Single molecule kinetics of bacteriorhodopsin by HS-AFM

Bacteriorhodopsin is a seven-helix light-driven proton-pump that was structurally and functionally extensively studied. Despite a wealth of data, the single molecule kinetics of the reaction cycle remain unknown. Here, we use high-speed atomic force microscopy methods to characterize the single molecule kinetics of wild-type bR exposed to continuous light and short pulses. Monitoring bR conformational changes with millisecond temporal resolution, we determine that the cytoplasmic gate opens 2.9 ms after photon absorption, and stays open for proton capture for 13.2 ms.
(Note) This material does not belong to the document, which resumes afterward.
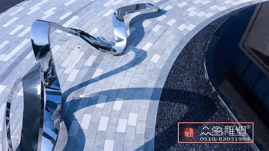【設計理念】:中海城南公館不銹鋼飄帶采用城市藝術線條,身處在現繁華的城市,卻體出現寧靜悠遠的藝術氣息,既可以當坐凳休息,又可以給小朋友當滑滑梯,工藝陳設價值、實用價值得到凌厲精致的展現。
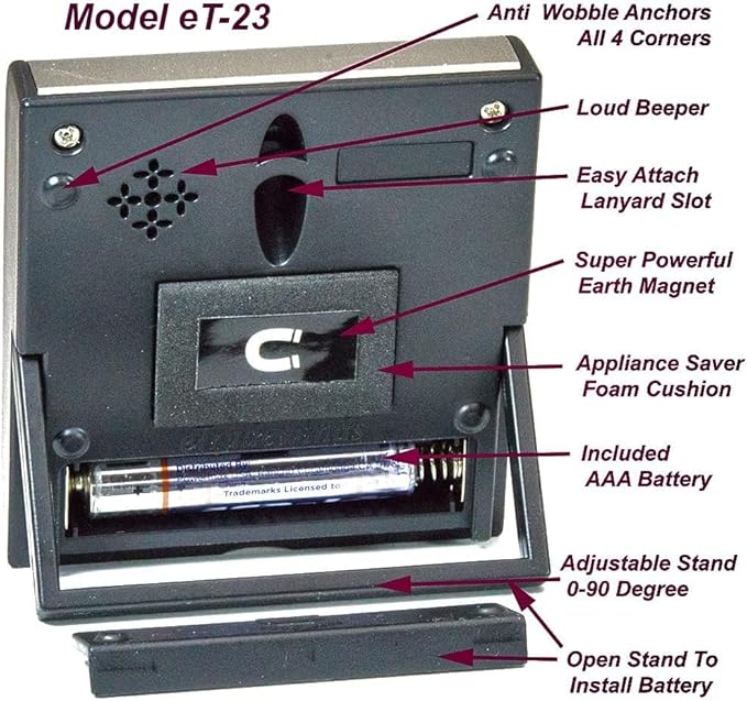 - Strongest Timer Magnet Listed Anywhere: Powerful Neodymium earth magnet & anti-scratch appliance saver foam. Our timers won't slide down your fridge or scratch appliances. Anti-Wobble Stabilizing Anchor Points: Designed on all 4 corners eliminating wobble, pivot, or movement when buttons are pressed while magnet secured. What good is a timer you can’t use while attached? This timer won't pop off your range hood and backflip into your boiling soup because you hit the off button. "No soup fer yu"

Surprisingly, a previously active protomer cannot be reactivated for another 37.6 ms, even under excess continuous light, giving a single molecule reaction cycle of similar to 20 s(-1). The reaction cycle slows at low light where the closed state is prolonged, and at basic or acidic pH where the open state is extended.

Automated summary

The study used high-speed atomic force microscopy methods to characterize the single molecule kinetics of wild-type bacteriorhodopsin under continuous light and short pulses. It found that the cytoplasmic gate opens 2.9 ms after photon absorption and stays open for proton capture for 13.2 ms, with a single molecule reaction cycle of approximately 20 s(-1).